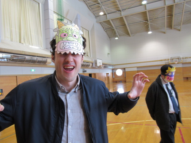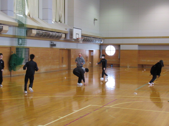 本日2月3日(火)、特別支援学級にて恒例の豆まきが行われました。まずは先生やALTが扮する「鬼」が登場!生徒たちは「福は内!鬼は外!」と元気な声を響かせながら、勢いよく豆をまきました。
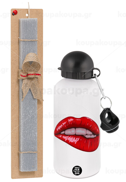 Lips, Easter Set, metallic aluminum water bottle (500ml) & aromatic flat Easter candle (30cm) (GRAY)
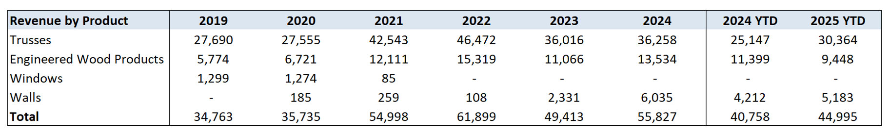 There might be better long-term economics in trusses vs lumber, given the limited capital available to most truss companies due to their small size and regional nature of truss manufacturing.
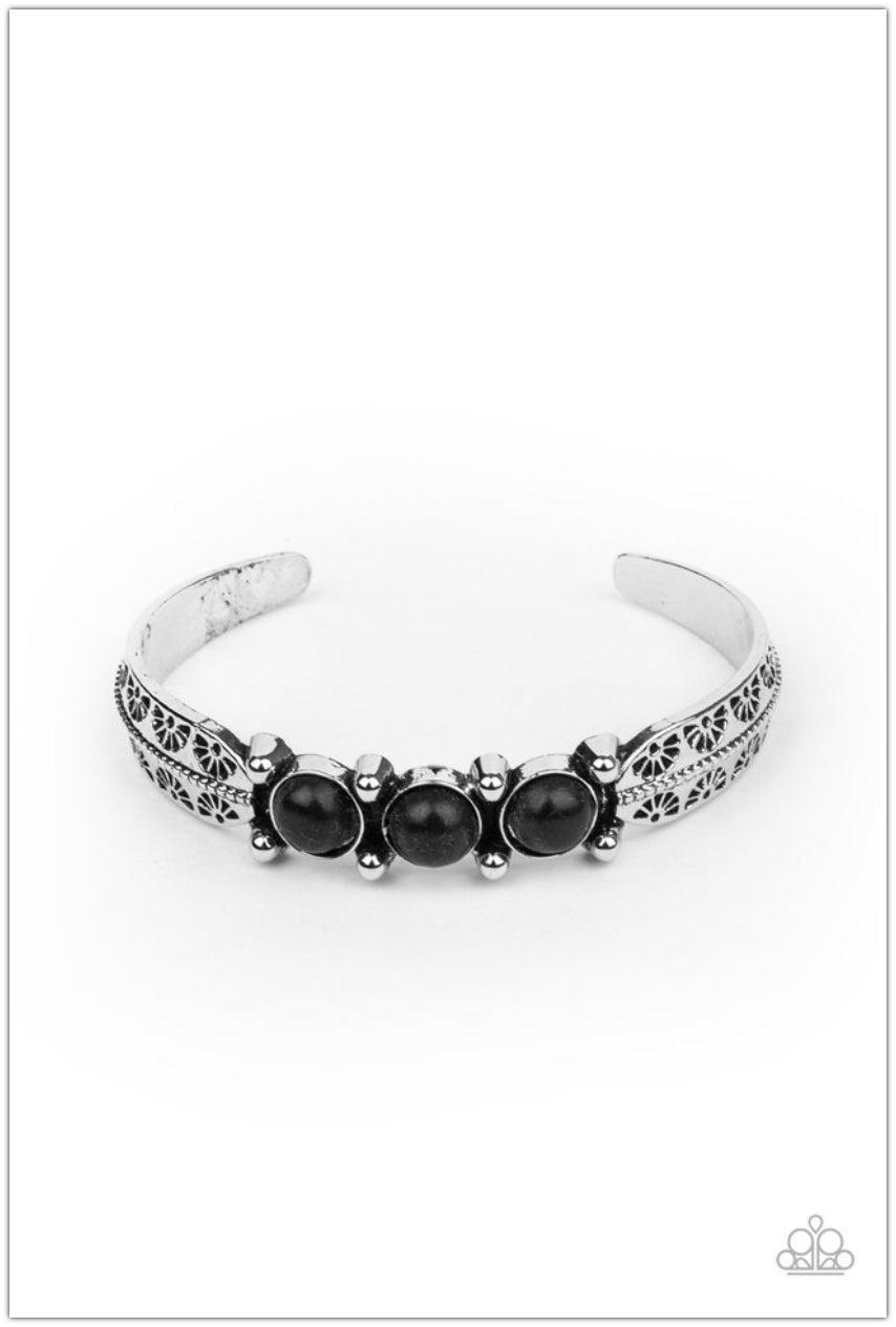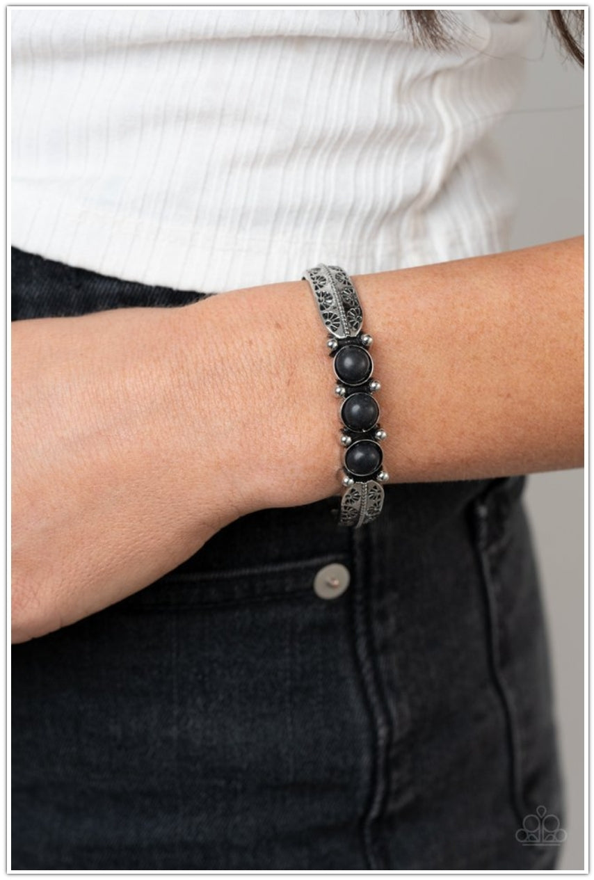 A trio of earthy black stones are encrusted along the center of a dainty silver studded cuff stamped in tribal inspired details for a seasonal flair.
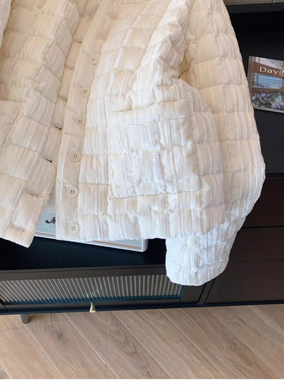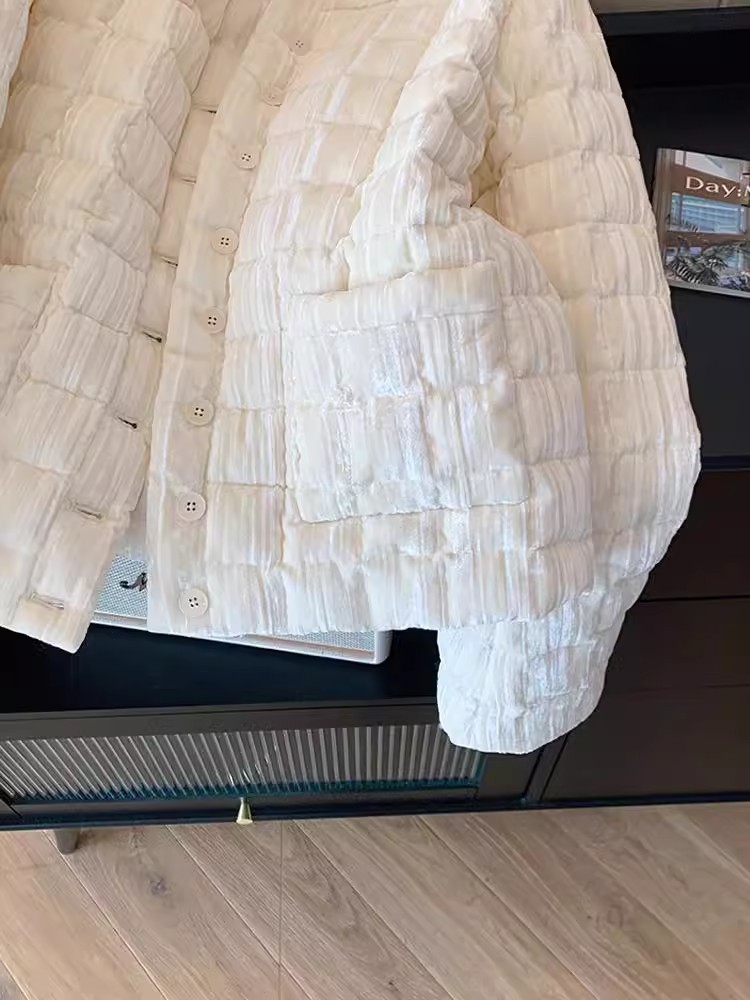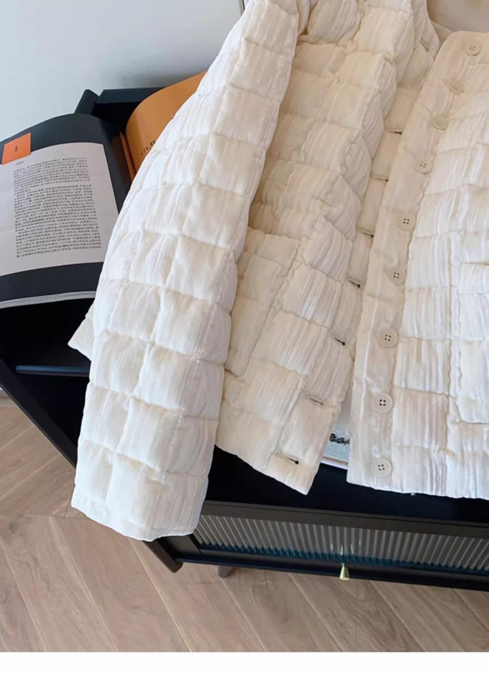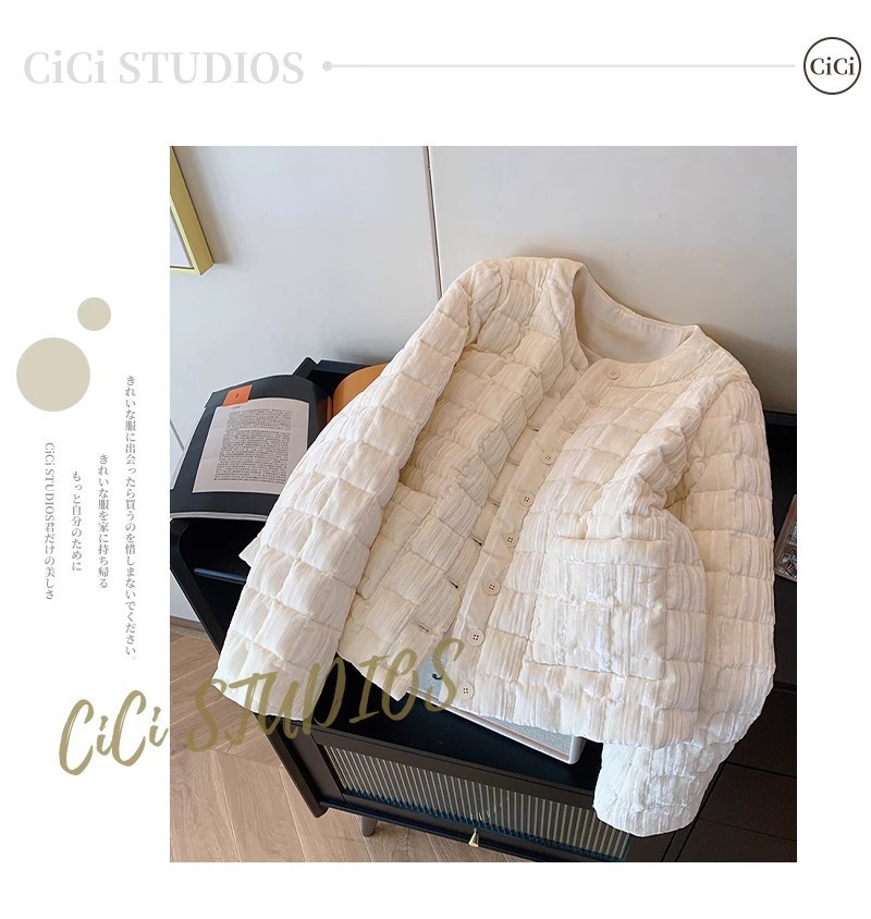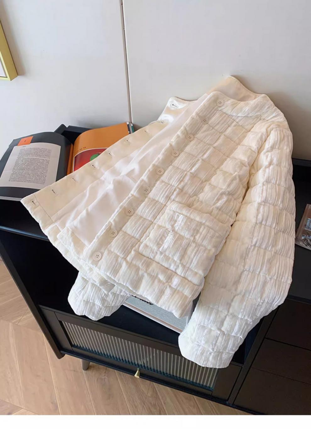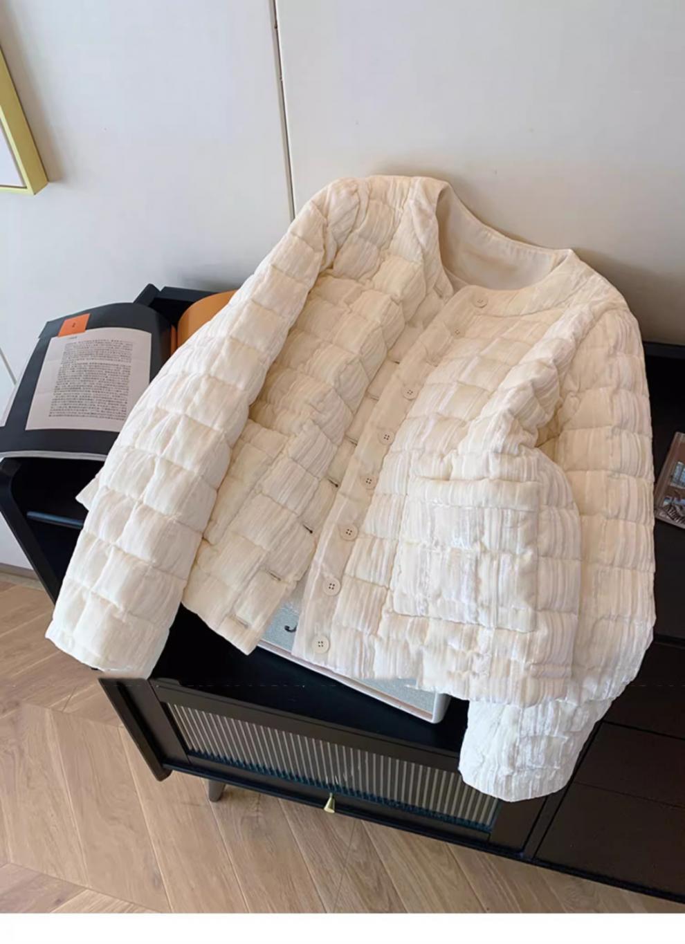 고급 벨벳 싱글 브레스트 크루 넥 코튼 패딩 코트 여성용 겨울 2024 따뜻한 쇼트 코트를 입고 새로운 유행 우아한 아우터

— PROBLEM DETAILS —
Begin with the line containing "A trio of earthy" and end with the last line of the material above; return exactly those lines, both ends included, and omit all pictures.

— RESPONSE TO THE EXERCISE —
 A trio of earthy black stones are encrusted along the center of a dainty silver studded cuff stamped in tribal inspired details for a seasonal flair.
 고급 벨벳 싱글 브레스트 크루 넥 코튼 패딩 코트 여성용 겨울 2024 따뜻한 쇼트 코트를 입고 새로운 유행 우아한 아우터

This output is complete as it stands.